A wretched hive of scum and villainy.The original story was a sweet morality story about how you should be nice to your mother. Milo is mean to his mother, and she is kidnapped by Martians who want her to be their mother. In this story, Milo is rude to his mom and she is kidnapped by a society made up of female Martians who have cast out their males and do not know how to mother, so they are going to use Milo’s mother to power a group of “nannybots” who will raise their children for them. Um. It turns out they’ve been doing this for quite a while, and that they pick the mothers who are best at keeping their kids under control. “What kind of message is that to send to a kid”, one character ponders, as I smack my forehead and wonder the same thing. In the end the male Martians—who are warm and tribal, as opposed to the cold, military-based females—reunite with the females in a scene that looks disturbingly like an orgy. I’m not sure what point is trying to be made here. The traditional family unit is important? Mothers should stop being so strict? Don’t do drugs while reading children’s books, your mind will wander? But I do know that it’s certainly out of place in this movie.

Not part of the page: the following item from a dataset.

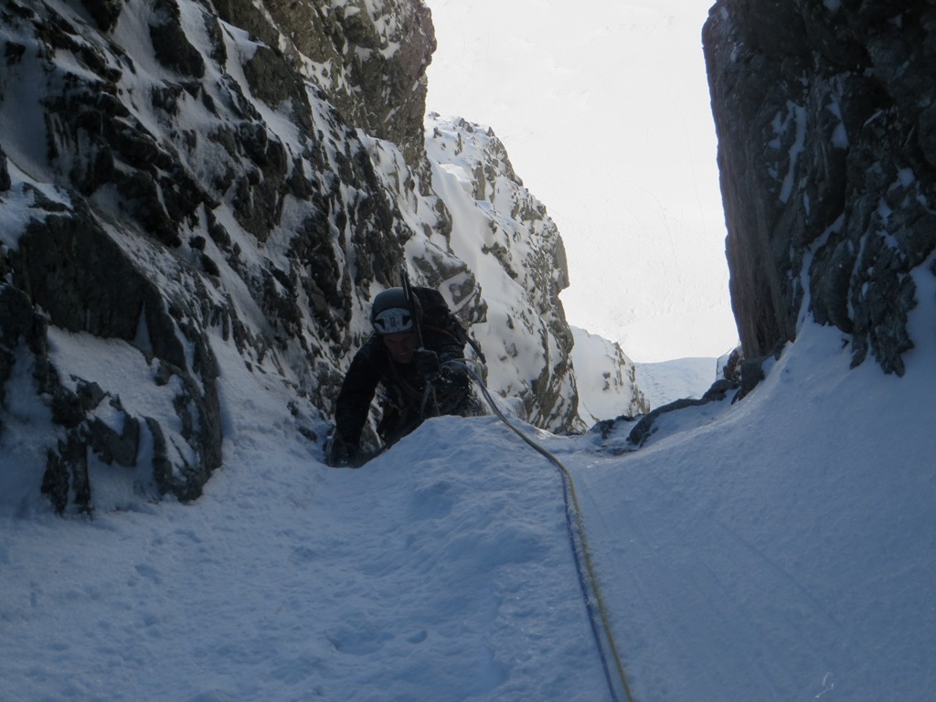W komin startuję pierwszy i niestety po chwili jestem rozczarowany warunkami w nim panującymi – lodu jest mało, jest słaby, a miejscami zamiast po nim, trzeba się wspinać po śnieżnych skorupach – urywającymi się już na pierwszym progu. W związku z tym asekuracje też jest kiepska, więc trzeba się mocno trzymać :) - nie jest trudno (mikst do 4, lód WI3/3+) ale trzeba uważać na każdy kolejny ruch oraz wspomagać się skałami po bokach. Zarówno na prowadzeniu pierwszego jak i drugiego wyciągu (oba idę po 60 metrów) spędzam więc dość dużo czasu, dodatkowo pomiędzy progami muszę się przedzierać przez kopny śnieg, który miał być betonem... Po drodze znajduję tylko jeden hak stanowiskowy, dodatkowo mam problem z założeniem czegokolwiek na trzecim stanie.

There is one idea here that I like; really like, in fact. The rebellious Ki (the hippie alien voiced by Elisabeth Harnois) is pretty funny. She learned English by watching TV and she has a fascination with colors and flowers, painting them everywhere, to the annoyance of the female Martian police. If her story didn’t get so little screen-time compared to the other elements of the movie, I might have liked the film better. A good film could be made out of just that.

Actually, a good film could be made out of the original Mars Needs Moms story, or even out of a story about a repressive matriarchal alien society. But not out of both at the same time, especially when you throw in Hollywood and Robert Zemeckis. The admittedly crisp Blu-ray presentation doesn’t save this one. On the plus side, this is the movie that failed so hard it caused Hollywood to finally take away Zemeckis’s mo-cap toys, so something good came out of this.